Some people are landscapes, and I catch myself staring at them so that I can take them in; their vistas, outlines and curves and bends. Each and every one of their distinguishing (and distinguished, depending, frankly, on the face) features.

It’s something I’ve done since as long as I can remember.

(And I remember getting into more than one schoolyard fight for “staring hard” at other kids and, once, as a first grader, getting into it deep a sixth grader whose prominent brow, delicate nose and permanently puckered mouth was like staring into the very depths of a suddenly de-randomized, nearly cogent universe…I feel like I was very close to something then, even if that something ended up chasing me back to the little kids’ side of the schoolyard, fists like cinder blocks raised in semi-righteous anger, puckered mouth ruining itself like a torn suture as they raged on at me).

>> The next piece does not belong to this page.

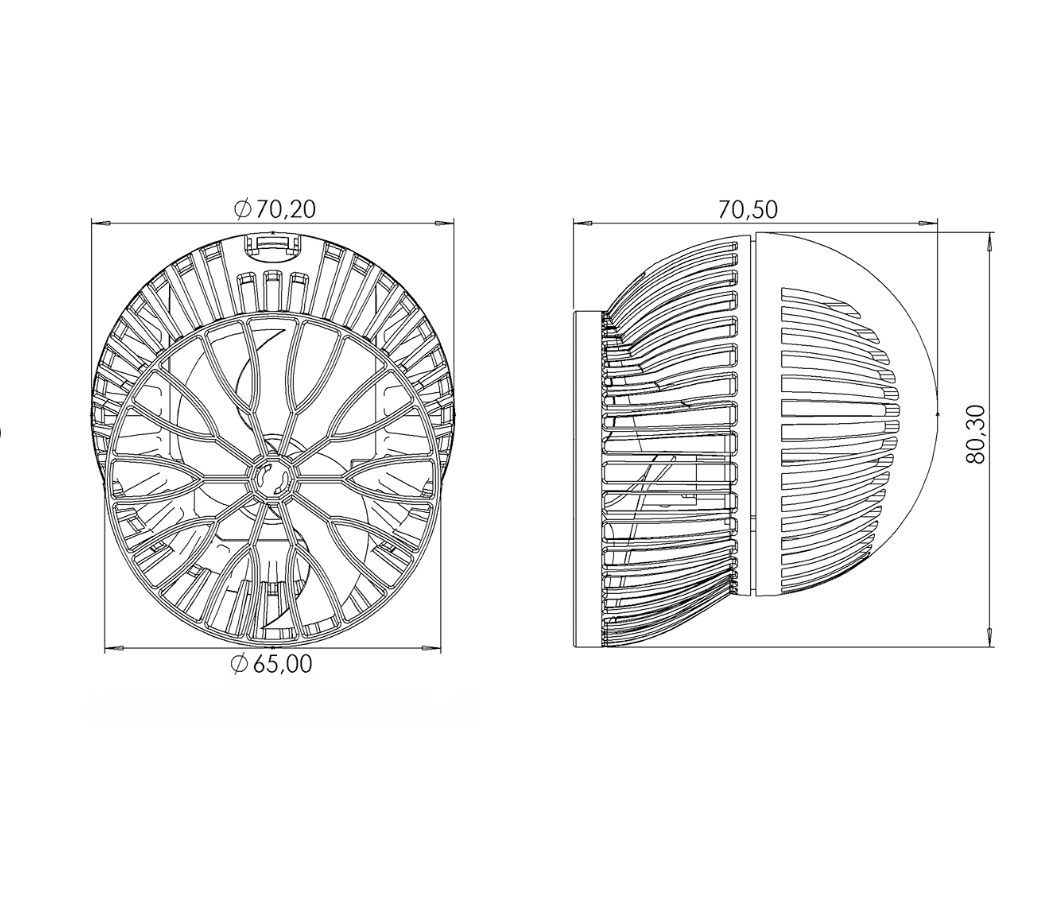 Maße: ø 70 mm; Gesamthöhe 80mm, Gesamttiefe 70 mm

It’s true, though: sometimes they catch me, the people do, staring at them. Taking them in. My options then are very limited. 1) Ignore and break away, or 2) Keep right on staring. Very little needs to be said in the moment.

Look. It’s not personal. You just have an interesting smile, a striking pose, an odd jawline, great limbs, a kind expression (or a monstrous one).

These are not compliments or criticisms or facts.

Just me, taking in the lay of the land and then moving on so we can both get on with the rest of our lives.

Now doesn’t that sound nice – isn’t that OK – if not totally one hundred percent reasonable?